Tuesday, April 20, 2010

Life Explained ***

On the first day, God created the dog and said, "Sit all day by the door of your house and bark at anyone who comes in or walks past. For this, I will give you a life span of twenty years."

The dog said, "That's a long time to be barking. How about only ten years and I'll give you back the other ten?"

So God agreed.....

On the second day, God created the monkey and said, "Entertain people, do tricks, and make them laugh. For this, I'll give you a twenty-year life span."

The monkey said, "Monkey tricks for twenty years? That's a pretty long time to perform. How about I give you back ten like the dog did?"

And God agreed......

On the third day, God created the cow and said, "You must go into the field with the farmer all day long and suffer under the sun, have calves and give milk to support the farmer's family. For this, I will give you a life span of sixty years."

The cow said, "That's kind of a tough life you want me to live for sixty years. How about twenty and I'll give back the other forty?"

And God agreed again......

On the fourth day, God created humans and said, "Eat, sleep, play, marry and enjoy your life. For this, I'll give you twenty years."

But the human said, "Only twenty years? Could you possibly give me my twenty, the forty the cow gave back, the ten the monkey gave back, and the ten the dog gave back; that makes eighty, okay?"
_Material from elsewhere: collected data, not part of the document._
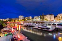 Bars en pubs aan het Donaukanaal bij de Schwedenplatz in Wenen, Oostenrijk.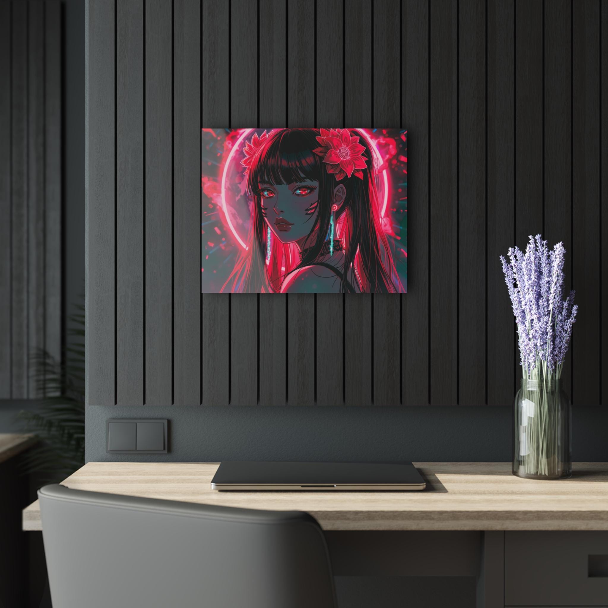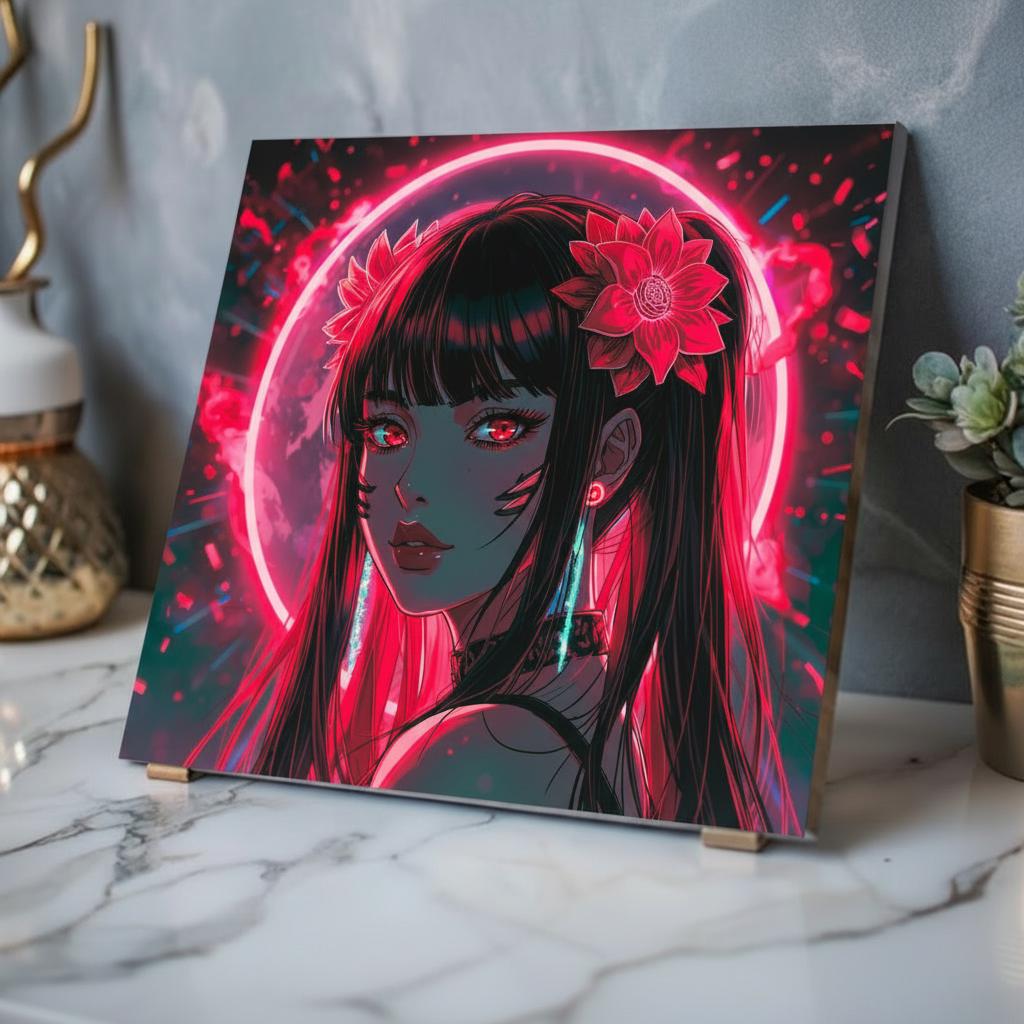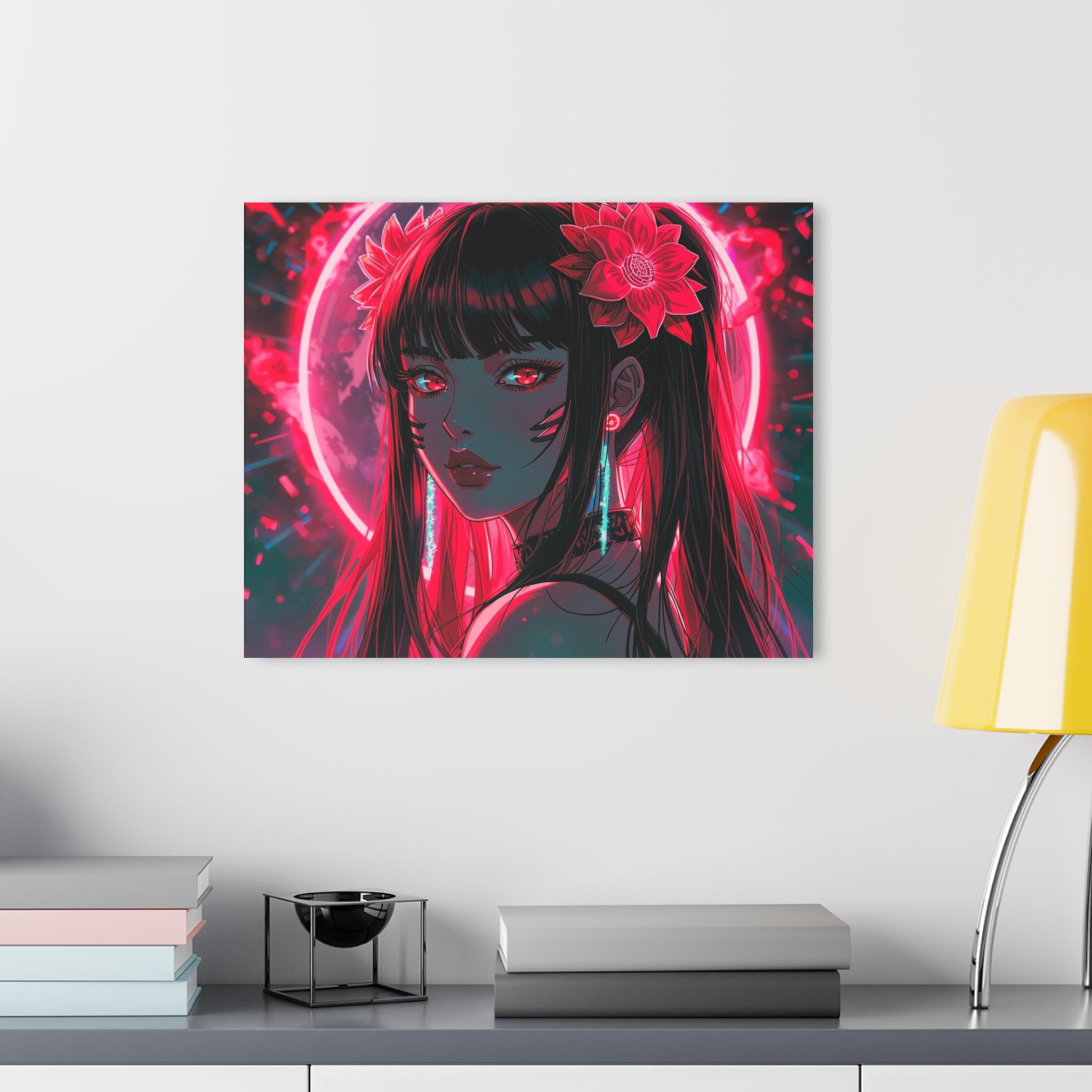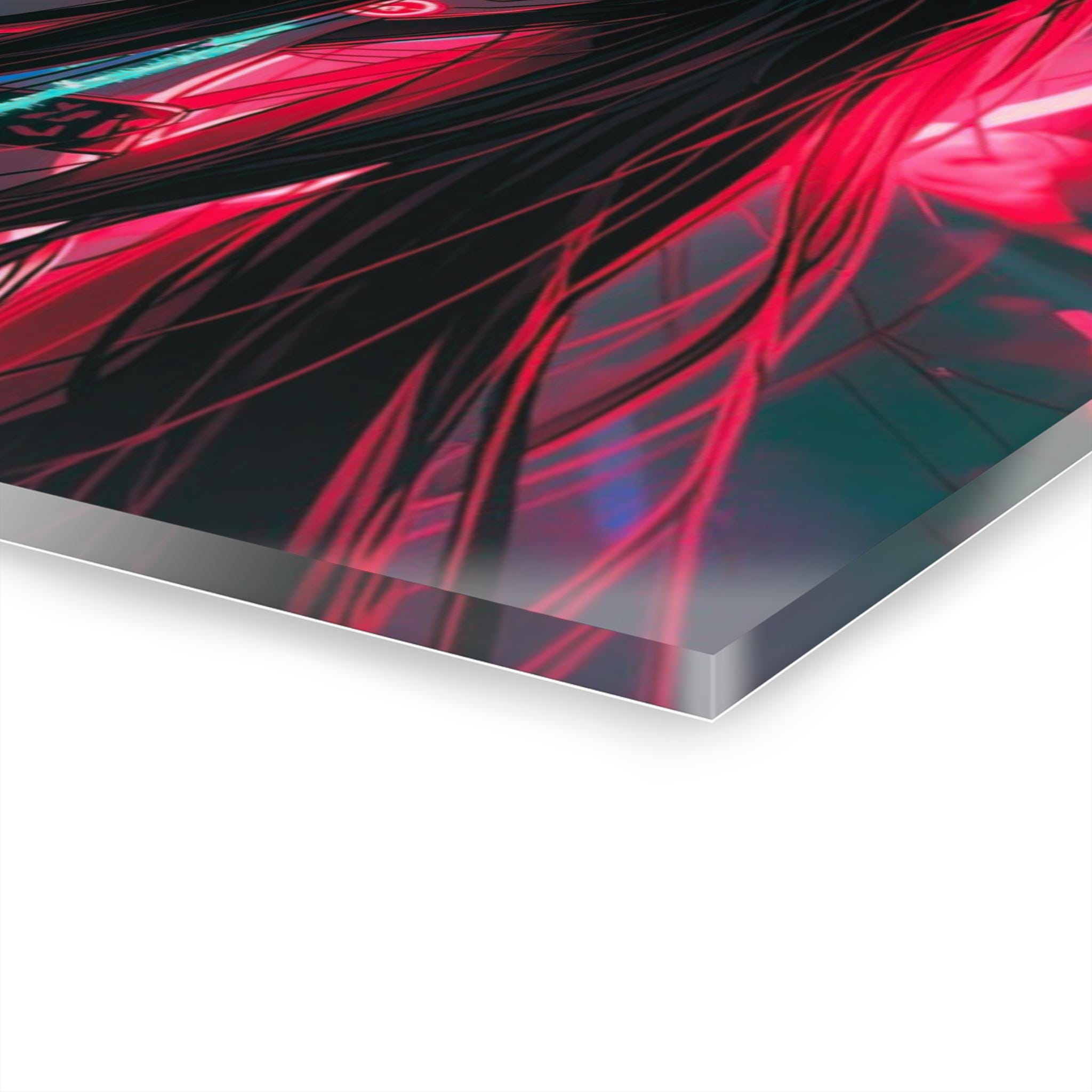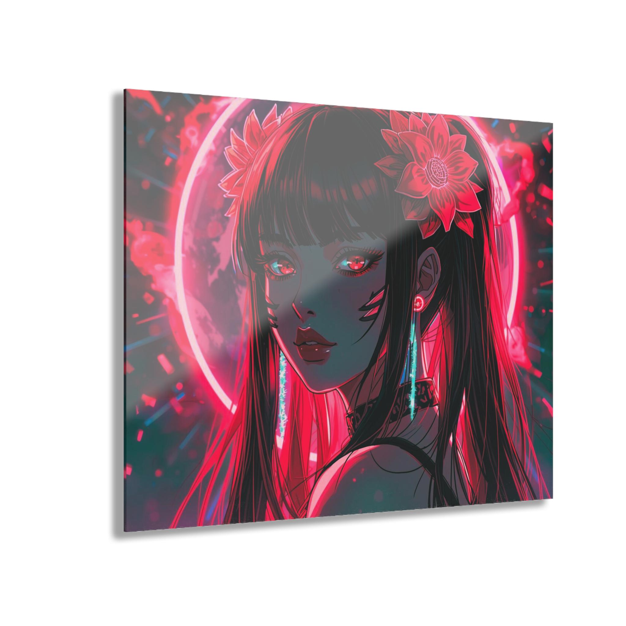 This acrylic print brings neon-drenched, anime-inspired art to your wall with gallery-quality clarity. The image is fused to 0.25” grade-A acrylic, producing vibrant colors, deep contrast, and a luminous, glass-like finish that makes the pinks and teals' pop. Hand-polished edges catch the light, while the white vinyl backing preserves color and depth. A sturdy French cleat backing and included screws make mounting straightforward and secure — instructions are provided so you can level and hang it with confidence.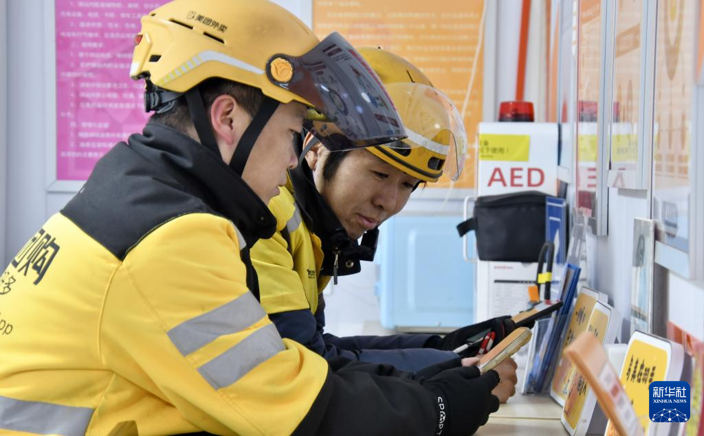 11月26日,几名外卖配送员在东城区崇文门外街道的新世界“暖新驿站”内充电并休息。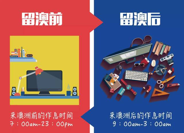 来澳洲前,作息时间是7:00am - 23:00pm;留澳后,作息时间是9:00am - 3:00am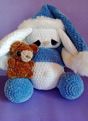 330 yards of size 6 yarn in primary colour (white) 180 yards of size 6 yarn in secondary colour (blue) 60 yards of size 6 fluffy yarn or chenille tertiary colour (white) 100 yards of size 6 yarn in brown for Babbu’s Bear 30 yards of size 6 yarn in beige for Babbu’s Bear 30mm safety eyes for Babbu, 14mm eyes for the bear 4mm hook Optional: Pom Pom for sleep hat Scissors Recycled yarn stuffing (polyfill will work) Embroidery thread for detailing if you want additional details. Darning needle, stitch marker, row counter (or a way to keep count of how many rounds you’ve done) Your Babbu will be about 50-60cm long depending on tension. His Danna Bear accessory will be about 15cm.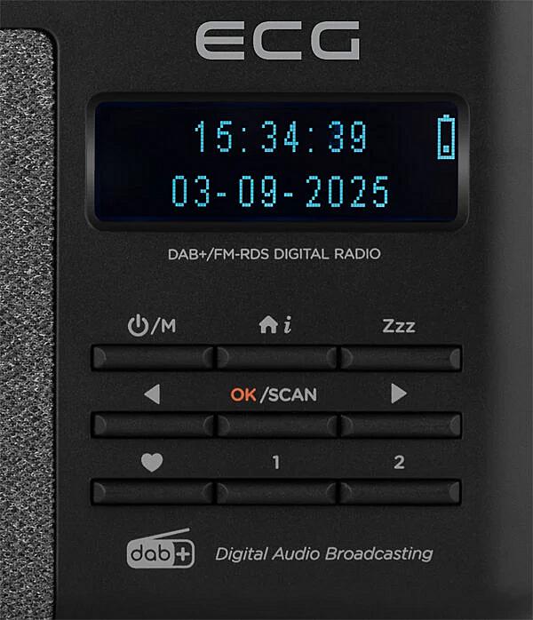 Přenosné rádio ECG s DAB+/FM s pamětí 40 stanic a funkcí budíku.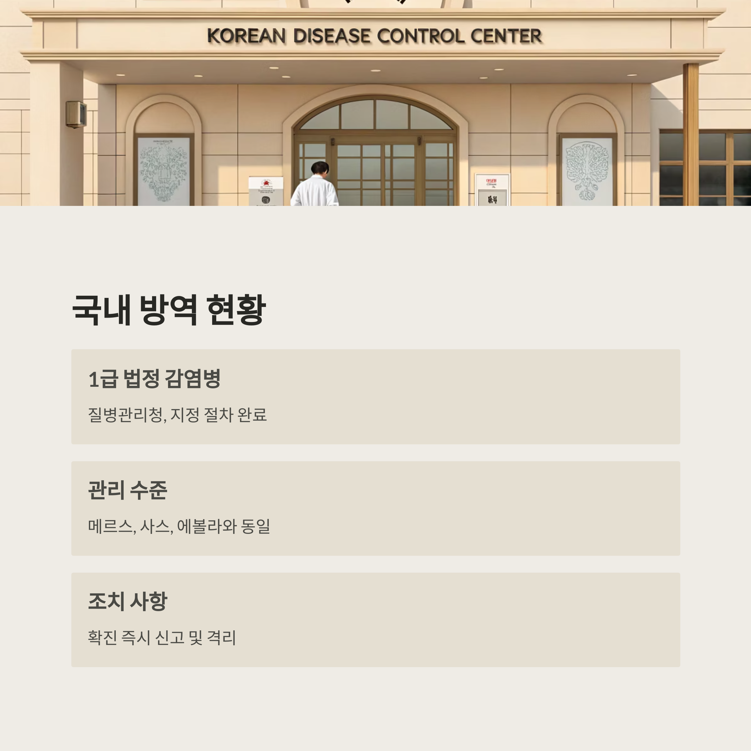 2025년 5월 기준, 국내에서도 1급 법정 감염병으로 지정되는 절차가 진행 중일 만큼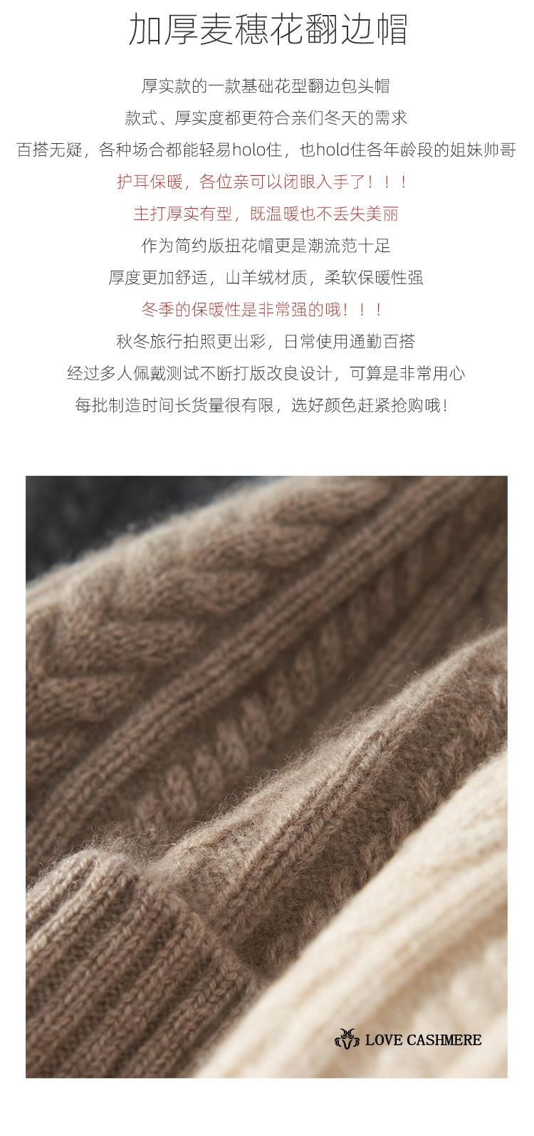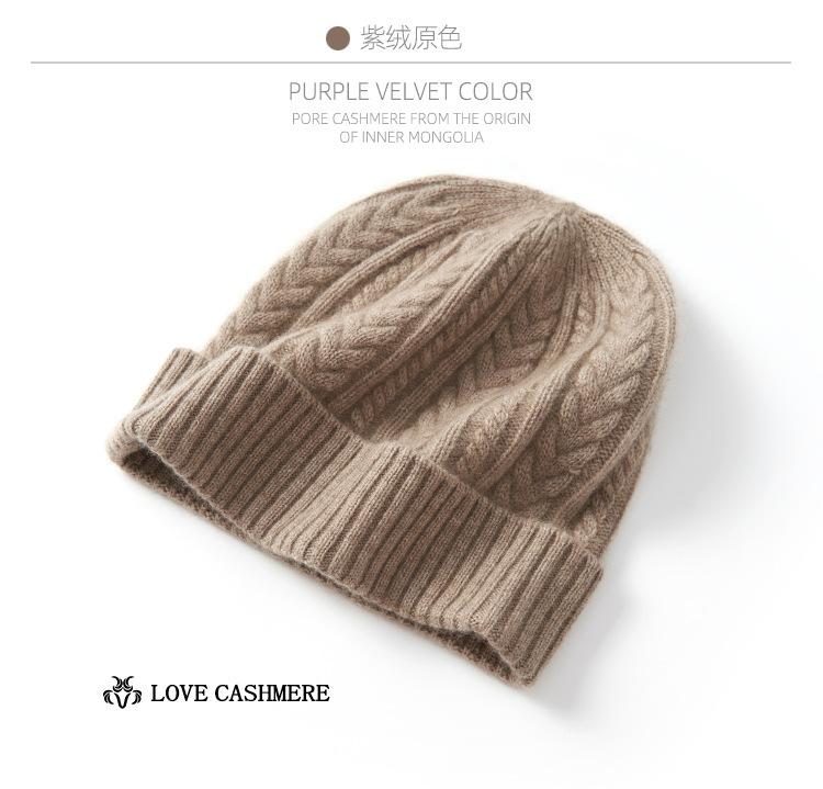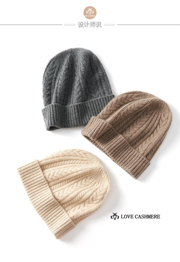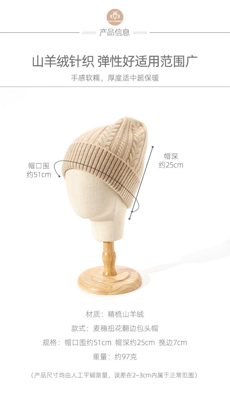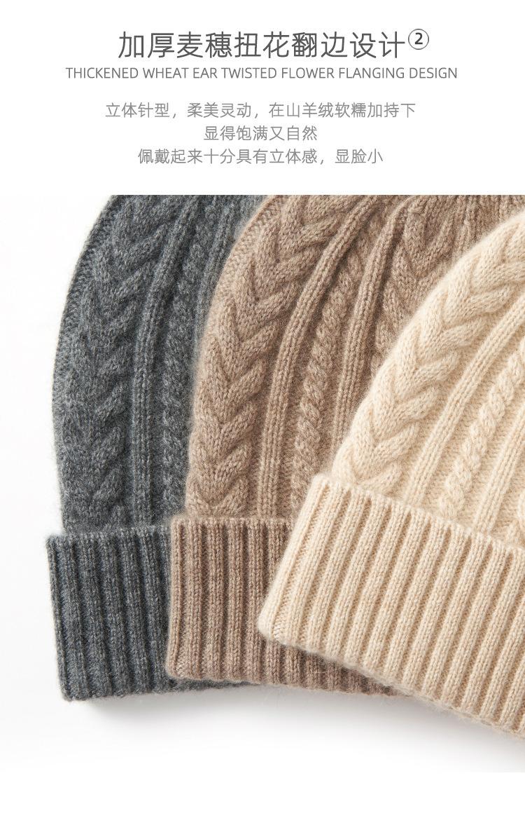 Cachemira 2025 Otoño e Invierno Nuevo Sombrero de Punto Casual con Puño, Elegante para Mujer, Color Puro, Cable de Espiga de Trigo, Moda Exterior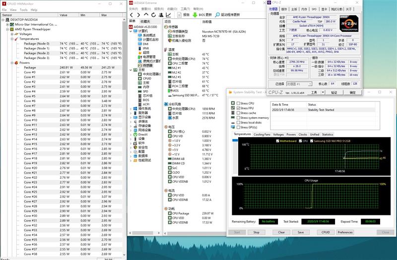 三、测试平台:16相供电微星Creator TRX40主板护驾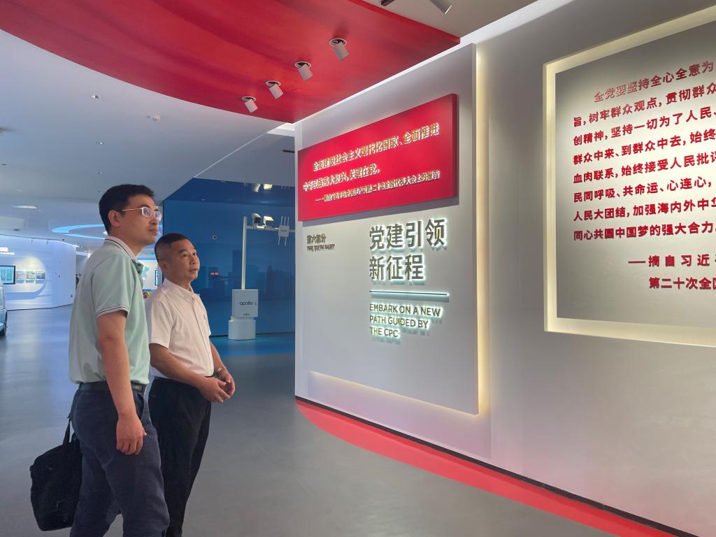为深入开展学习贯彻习近平新时代中国特色社会主义思想主题教育,扎实开展调查研究,进一步推动122cc太阳成集团主题教育深调研活动的深入开展。7月11日下午,公司党委书记黄庆雄带队,党委副书记王丹、党委委员陈树坤副经理、党委委员党政办主任罗凡、党委委员员工党支部书记邓伟琦老师以及公司商务英语系主任唐珊博士、英语拓展教学部主任刘晓琴博士一行7人深入中新广州知识城发展规划馆进行调研学习。

"Okay," said God. "You asked for it."

So that is why for our first twenty years, we eat, sleep, play and enjoy ourselves. For the next forty years, we slave in the sun to support our family. For the next ten years, we do monkey tricks to entertain the grandchildren. And for the last ten years, we sit on the front porch and bark at everyone.

Life has now been explained to you.

There is no need to thank me for this valuable information. I'm doing it as a public service.

Monday, April 12, 2010

Just a Tap on the Shoulder ***

A passenger in a taxi leaned over to ask the driver a question and gently tapped him on the shoulder to get his attention.

The driver screamed, lost control of the cab, nearly hit a bus, drove up over the curb and stopped just inches from a large plate glass window.

For a few moments everything was silent in the cab.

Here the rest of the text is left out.